The role of intracellular calcium stores in synaptic plasticity and memory consolidation

• Intracellular calcium stores regulate synaptic plasticity and signalling cascades underlying memory.
• Ryanodine receptors promote the consolidation of labile memory into long-term memory.
• IP3 receptors are required during long-term memory formation.
• Altered calcium release from intracellular stores may produce memory deficits.
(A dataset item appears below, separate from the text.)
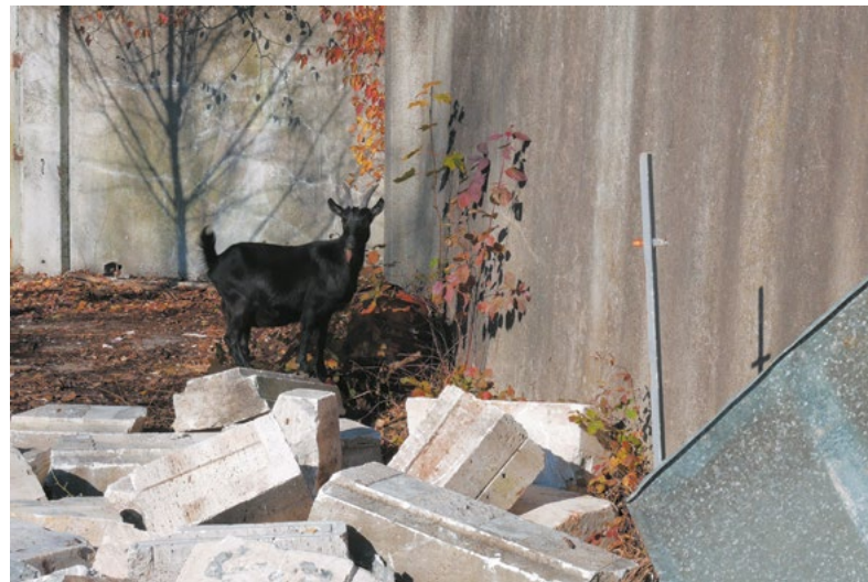
Matej Gavula: Promenáda v Čiernom lese / Promenade in the Black Forest , 2021, krátky film / short movie, 7:11 min., kamera a strih / camera and editing: Denis Kozerański, technická spolupráca / technical support: Ján Gašparovič

slov Gavulu odkazujú i na obranné valy, či na rímske bojové umenie, dokonalú vojenskú stratégiu založenú na prstencovej kruhovej obrane. Inštalovaná v centre mesta pri Kunsthalle Bratislava, funguje skôr ako metaforická obrana voči gentrifikácii a ignorovaniu histórie.

Memory processing requires tightly controlled signalling cascades, many of which are dependent upon intracellular calcium (Ca2+). Despite this, most work investigating calcium signalling in memory formation has focused on plasma membrane channels and extracellular sources of Ca2+. The intracellular Ca2+ release channels, ryanodine receptors (RyRs) and inositol (1,4,5)-trisphosphate receptors (IP3Rs) have a significant capacity to regulate intracellular Ca2+ signalling. Evidence at both cellular and behavioural levels implicates both RyRs and IP3Rs in synaptic plasticity and memory formation. Pharmacobehavioural experiments using young chicks trained on a single-trial discrimination avoidance task have been particularly useful by demonstrating that RyRs and IP3Rs have distinct roles in memory formation. RyR-dependent Ca2+ release appears to aid the consolidation of labile memory into a persistent long-term memory trace. In contrast, IP3Rs are required during long-term memory. This review discusses various functions for RyRs and IP3Rs in memory processing, including neuro- and glio-transmitter release, dendritic spine remodelling, facilitating vasodilation, and the regulation of gene transcription and dendritic excitability. Altered Ca2+ release from intracellular stores also has significant implications for neurodegenerative conditions.